Veedel-Guide Workshop

(Neue) Ehrenfelder*innen (du?!) werden als Veedel-Guides qualifiziert. Unter anderem Menschen mit Fluchterfahrung möchten wir darin bestärken, ihre bereits gewonnen Kenntnisse im Stadtteil an ihre Peergroup weiterzugeben.

Tag I: 16.11., 9 – 17 Uhr
Stadtteilerkundung & Routenentwicklung mit Historiker Ralf Stöcker

Tag II: 17.11., 10 – 17 Uhr
Auf in die Umsetzung: Touren testen! mit CityLeaks & DOMiD

Gemeinsame Mittagspause bei internationaler Küche am Samstag und Sonntag!

Für einen erfolgreichen Abschluss des Workshops ist die Teilnahme an beiden Tagen Voraussetzung.

Du willst Veedels-Guide werden? Beantworte uns folgende Frage:
Welchen Ort in Ehrenfeld muss man kennen?
Schick die Antwort an:
d.khamis@bueze.de
bei Fragen: Tel. 0221 – 546 21 76

themenbezogene Erkundungen

Seid ihr schon einmal durch eine Diskussion gelaufen?
Hier könnt ihr lernen, durch eine Diskussion zu führen!

Gleichzeitig bieten themenbezogene Erkundungen die Möglichkeit, sich über alltagspraktische Anlaufstellen wie Hausaufgaben Betreuungen, Sprachcafés u.v.m. auszutauschen. Durchgeführt werden die themenbezogene Erkundungen in Kooperation mit dem Dokumentationszentrum und Museum über die Migration in Deutschland e.V. (DOMiD), dem Künstler und Historiker Wolfgang Stöcker sowie weiteren Partner*innen.

Die Führungen sind interaktiv gestaltet. Inspiriert durch das Projekt „Multaka“ – einer Kooperation verschiedener Berliner Museen – werden (neue) Ehrenfelder*innen (du?!) qualifiziert, diese Erkundungen zu leiten. Vor allem Menschen die neu in Deutschland sind möchten wir darin bestärken, ihre bereits gewonnen Kenntnisse im Stadtteil an ihre Peergroup weiterzugeben.

Über die themenbezogene Erkundungen planen wir, gemeinsam mit Euch eine App zu entwickeln. Diese soll Menschen, die neu in Deutschland sind die Orientierung im neuen Wohnumfeld erleichtern. Gerade für zugewanderte Menschen bietet eine App durch den unkomplizierten Zugang wertvolle Unterstützung.
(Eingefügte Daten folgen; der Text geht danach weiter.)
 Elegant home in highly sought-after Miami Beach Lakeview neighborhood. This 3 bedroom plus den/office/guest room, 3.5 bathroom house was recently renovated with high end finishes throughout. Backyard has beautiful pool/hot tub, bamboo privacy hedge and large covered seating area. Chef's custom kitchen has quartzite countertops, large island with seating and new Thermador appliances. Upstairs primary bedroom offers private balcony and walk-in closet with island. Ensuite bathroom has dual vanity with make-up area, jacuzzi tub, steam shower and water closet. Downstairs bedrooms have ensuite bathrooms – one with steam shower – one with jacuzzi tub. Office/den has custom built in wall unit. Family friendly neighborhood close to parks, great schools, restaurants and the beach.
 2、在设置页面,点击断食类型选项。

Im Mittelpunkt stehen bei den themenbezogene Erkundungen folgende Themen:

  1. die Migrationsgeschichte des Stadtteils
  2. die (politische) Kulturszene (Atelier- und Ausstellungsräume, Streetart, Theater, etc.)
  3. Institutionen des öffentlichen Rechts (Polizei, Ordnungsamt, JVA, etc.)
  4. religiöse Einrichtungen (Kirchen, Zentralmoschee, Synagogengemeinde)
  5. die Vereinslandschaft, die zu bürgerschaftlichem Engagement einlädt

Die Auswahl der Themen erfolgt vor dem Hintergrund der Werte und Normen, die im Laufe der Veranstaltung von uns allen erarbeitet werden können.
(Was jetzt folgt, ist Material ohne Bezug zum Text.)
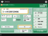 指定した宛先の総数を確認するには画面右上に、指定した宛先の総数が表示されます。送信前に宛先の数に誤りがないか確認することができます。 ![]() 発信元の情報を付けて送信するには発信元の名前やファクス番号などを付けて送信することができます。<発信元記録> 送信状況を確認するには<状況確認>画面で送信状況を確認できます。状況を確認したうえで、もう一度送信しなおしたり、送信を中止したりすることができます。送受信状況や履歴を確認する <ジョブ受付時の確認表示>が<ON>に設定されている場合は、送信ジョブが受け付けられたあとに表示される以下の画面から、<状況確認>画面を表示させることができます。<ジョブ受付時の確認表示> ![]() 相手機が使用中などで送信できなかったときは一定時間経過すると自動的にリダイヤルされます。リダイヤルの間隔や回数などは変更することができます。<自動リダイヤルの設定> 送信結果のレポートをプリントするにはファクスの基本画面で<その他の機能> <送信結果レポート>を押すと、送信結果が記載されたレポートが自動的にプリントされるように設定できます。<その他の機能>からジョブごとに設定するためには、<送信結果レポート>で<エラー時のみ>または<OFF>を選択し、<「その他の機能」 でのプリントを許可>を<ON>にする必要があります。 原稿が重ねて読み込まれたときは読み込みが中断され、画面にメッセージが表示されます。メッセージに従ってジャム処理を行ってください。ジャム処理終了後、再開画面が表示されます。誤って重送検知と認識された場合は、<重送検知しない>を押して読み込みを再開してください。 あらかじめ重送検知を通知しないように設定するには、次の操作を行ってください。 送信時ごとにファクスの基本画面で<その他の機能> <フィーダー重送検知>を押して設定を解除する。<フィーダー重送検知のデフォルト設定>を<OFF>に設定する。<フィーダー重送検知のデフォルト設定> 送信画像の写真が黒くつぶれてしまうときや、カラー原稿の下地の薄い色を除去できないときは以下の条件/設定を満たす場合は、送信画像の品位を改善できることがあります。 ジョブ種別: ファクス(メモリー送信)またはスキャンして送信(ファクス/Iファクス) <カラー選択>: <白黒2値>(スキャンして送信時) <原稿の種類>: <文字> <濃度> <背景調整>: <自動><解像度>: 200 dpi x 400 dpi 、300 dpi x 300 dpi*、400 dpi x 400 dpi 、600 dpi x 600 dpi* *はスキャンして送信で設定可能 <白黒読込時の速度/画質優先> ファクス/I ファクス送信時:< 画質優先>(<白黒読込時の速度/画質優先>)複数の電話回線が設定されているときは<その他の機能> <回線選択>を押して、ファクス送信に使用する電話回線を選ぶことができます。回線の設定方法については、ファクスの設定をするを参照してください |
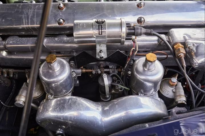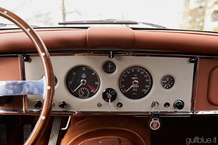 Originally black with a red interior, the car recieved a complete restoration about 6 years ago - accompanied by documentation and approximately 50,000 euros in invoices - in which the Indigo blue combination with tobacco leather interior was preferred to the original colours. After few kilometers from the end of the works, the car is in excellent condition, complete with all the correct details of the period; the overdrive – original equipment – improves the use of the Moss gearbox, the only Achilles heel of this car, as well as on the first Jaguar E-type, the model that replaced the XK150. Despite being over sixty years old, this car is still extremely pleasant to drive nowadays, relying on a brilliant engine and a powerful braking system: it is a perfect GT car that adapts to country roads as well as long motorway sections. Like all cars of the time, to be usable in today's traffic, it is fitted with an additional electric fan that helps maintain the correct operating temperatures.
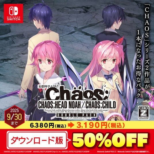 本編の『CHAOS;HEAD NOAH』と『CHAOS;CHILD』は、同じくダブルパックとなっており、Nintendo Switch(TM)用として発売中で、CERO「Z」(18才以上のみ対象)に区分されています。現在本作は、ニンテンドーeショップにて9月30日まで期間限定セールを実施中です。
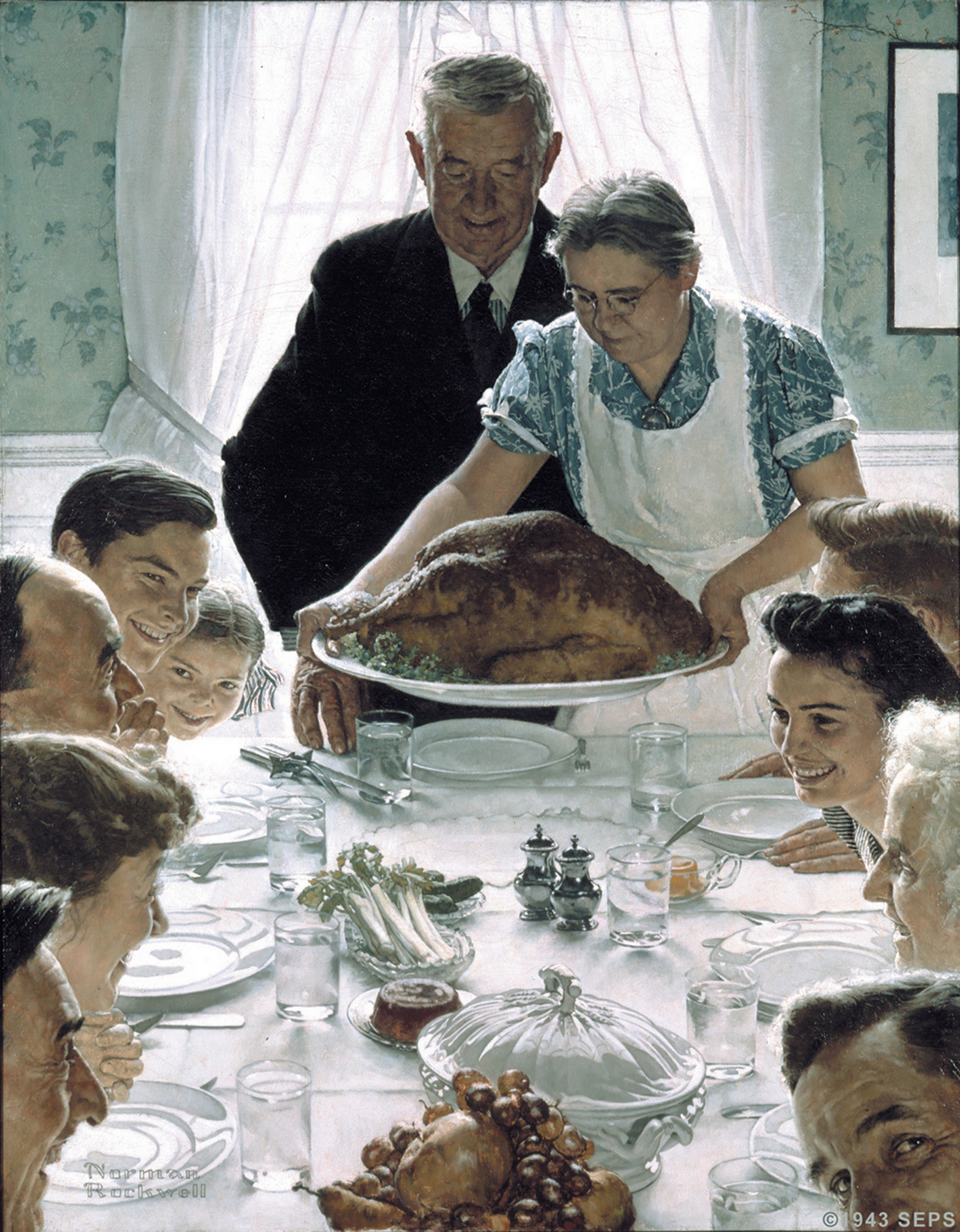The most famous of the Four Freedoms paintings, Rockwell said he painted his actual Thanksgiving dinner. “Our cook cooked it, I painted it and we ate it,” Rockwell later said. “That was one of the few times I’ve ever eaten the model.”
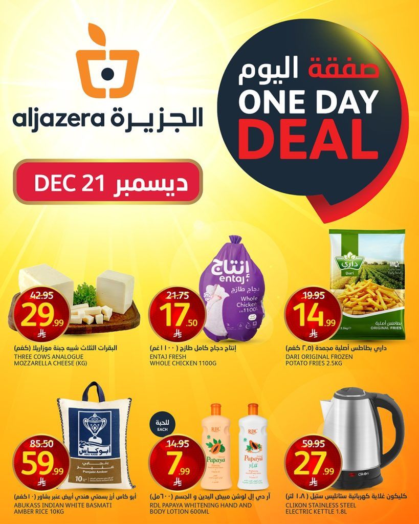 نقدم لكم احدث عروض اسواق الجزيرة بتاريخ الاحد 21 ديسمبر 2025 و تحتوي علي افضل المنتجات الغذائية المتنوعة منها داري بطاطس أصلية و انتاج دجاج كامل طازج بجانب ذلك بتوفر كمان البقرات الثلاث جبنة موزريلا و كليكون غلاية كهربائية و بارخص الاسعار المناسبة للجميع فقط تابعونا ليصلكم كل جديد عن عروض السعودية
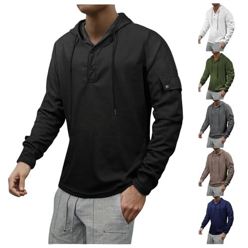 Men's Quarter Button Waffle Knit Hoodie Oversized Long Sleeve Drawstring Pullover Comfort Fit Top
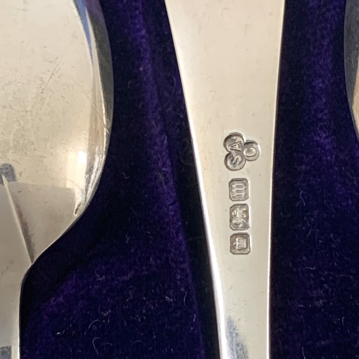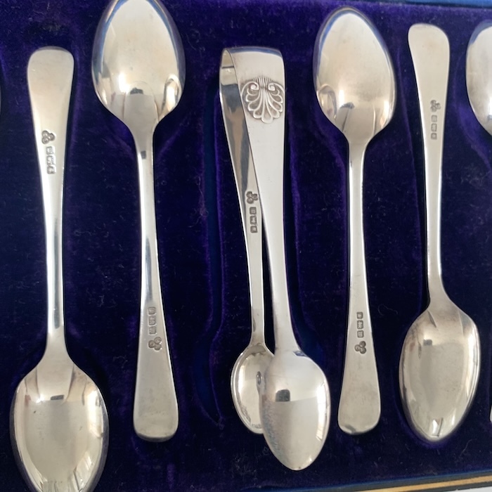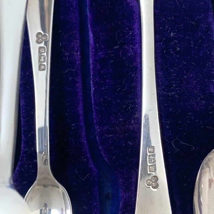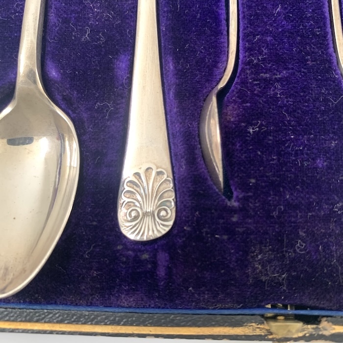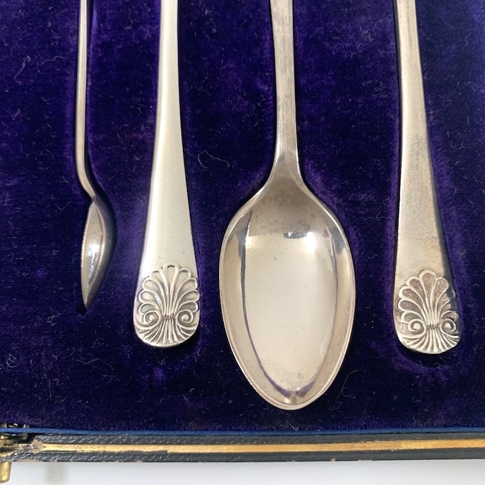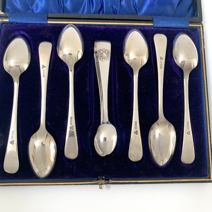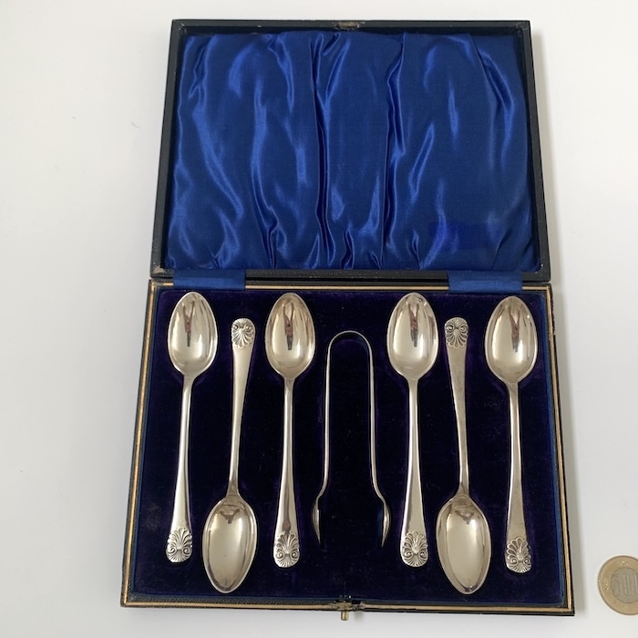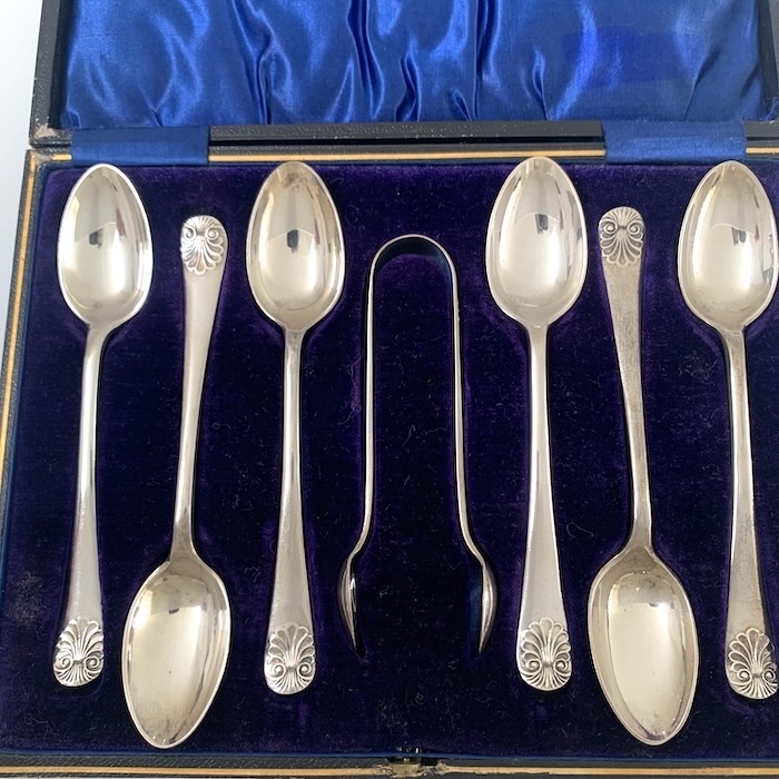 ロンドンにて購入のアンティークです。スプーン6本とトングのセットです。シルバー、シェフィールドSAC、1914年製です。

Meldet dich als Veedel-Guide an:

Dana Khamis
d.khamis@bueze.de
0221-5462176

Informiere dich weiter über das Projekt & werde Teil der „Agenda:Ehrenfeld“:
http://www.buergerzentrum.info/soziale-arbeit/gefluechtete/

Warum Ehrenfeld?

die Migrationsgeschichte:

Ehrenfeld ist seit jeher stark von Migration geprägt. Uns wird sichtbar, wie das Zusammenleben von Menschen unterschiedlichster Herkunft schon aus historischer Perspektive die Basis unseres Stadtteils bildet. In diesem Zusammenhang beleuchten wir den Begriff „Heimat“.

Was bedeutet „Heimat“ für jeden persönlich? Wie verändert sich die Bedeutung von „Heimat“ in einer globalisierten Welt. Auch die historische Entwicklung sozialer Rollen, wie z.B. das Verhältnis von Mann und Frau, wird hier reflektiert.
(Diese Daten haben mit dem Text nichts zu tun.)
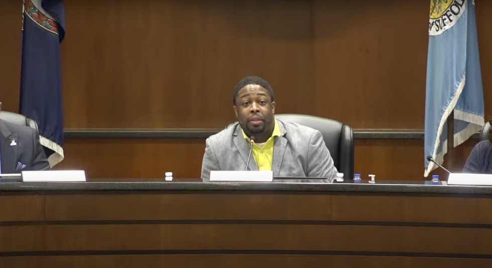As she asked those in the room to bow their heads and offered apologies to "anybody [who] objects," Board Chair Tyron Riddick interjected, "Excuse me, we can't do that."
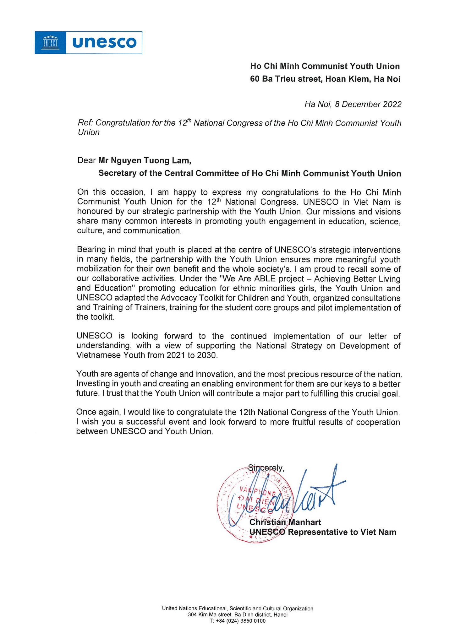 UNESCO tại Việt Nam chúc mừng Đại hội XII và chia sẻ những điểm chung của 02 tổ chức trong việc đồng hành, hỗ trợ và phát triển thanh niên Việt Nam.
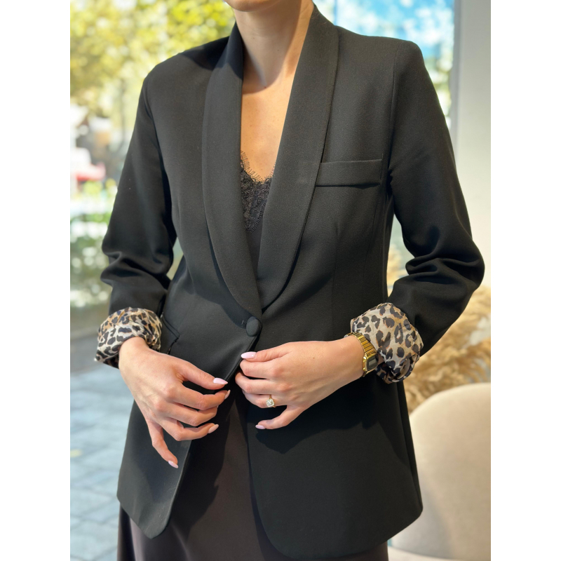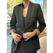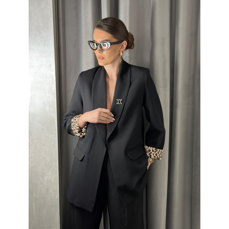 Xhakete e gjate e zeze me prerje fit dhe me nje kopse. Brenda me astar leopard qe bie ne sy kur palosen menget duke i dhene nje prekje moderne xhaketes.

die (politische) Kulturszene:

Im Zentrum dieser Stadtteilerkundung steht die Auseinandersetzung mit Kunstfreiheit sowie dem Recht auf freie Meinungsäußerung. Die Street Art Szene Ehrenfelds bietet vielseitige Ausgangspunkte für ein intensives Erleben. Den Ausklang der Veranstaltung bildet ein Kreativworkshop unter freiem Himmel. Hierzu ist eine Kooperation mit dem Verein ART rmx e.V. geplant.

Institutionen des öffentlichen Rechts:

Durch den Besuch der Ehrenfelder Polizeistation, der Justizvollzugsanstalt in Ossendorf sowie des Ordnungsamts wird die Gesetzesverlässlichkeit als Wert thematisiert. Wir lernen die Unabhängigkeit der Justiz und in diesem Zusammenhang die Strukturen des Rechtsstaates kennen. Hier können Werte und Normen auch im Vergleich mit anderen Gesellschaften und Ländern diskutiert werden.

religiöse Einrichtungen:

Der Einstieg in das Thema Religionsfreiheit erfolgt über eine Stadtteilerkundung entlang religiöser Orte wie Friedhöfe und Sakralbauten. Ehrenfeld ist multi-religiös. Bedeutende Anlaufstellen sind z.B. der Melaten-Friedhof, die Zentralmoschee und die Synagogengemeinde. Wir setzen uns über den Besuch dieser Orte mit Unterschieden und Ähnlichkeiten der Religionen auseinander. So wird das multi-religiöse Zusammenleben im Stadtteil und die dafür notwendige Toleranz erfahrbar.

die Vereinslandschaft:

Die Stadtteilführung entlang von Initiativen, Vereinen und Organisationen zeigt uns Ideen und Anreize zum bürgerschaftlichem Engagement. Hier wird an die Engagementbörse (s.u.) angeknüpft. Wir lernen so die Vielfalt der Möglichkeiten bürgerschaftlichen Engagements im Stadtteil kennen.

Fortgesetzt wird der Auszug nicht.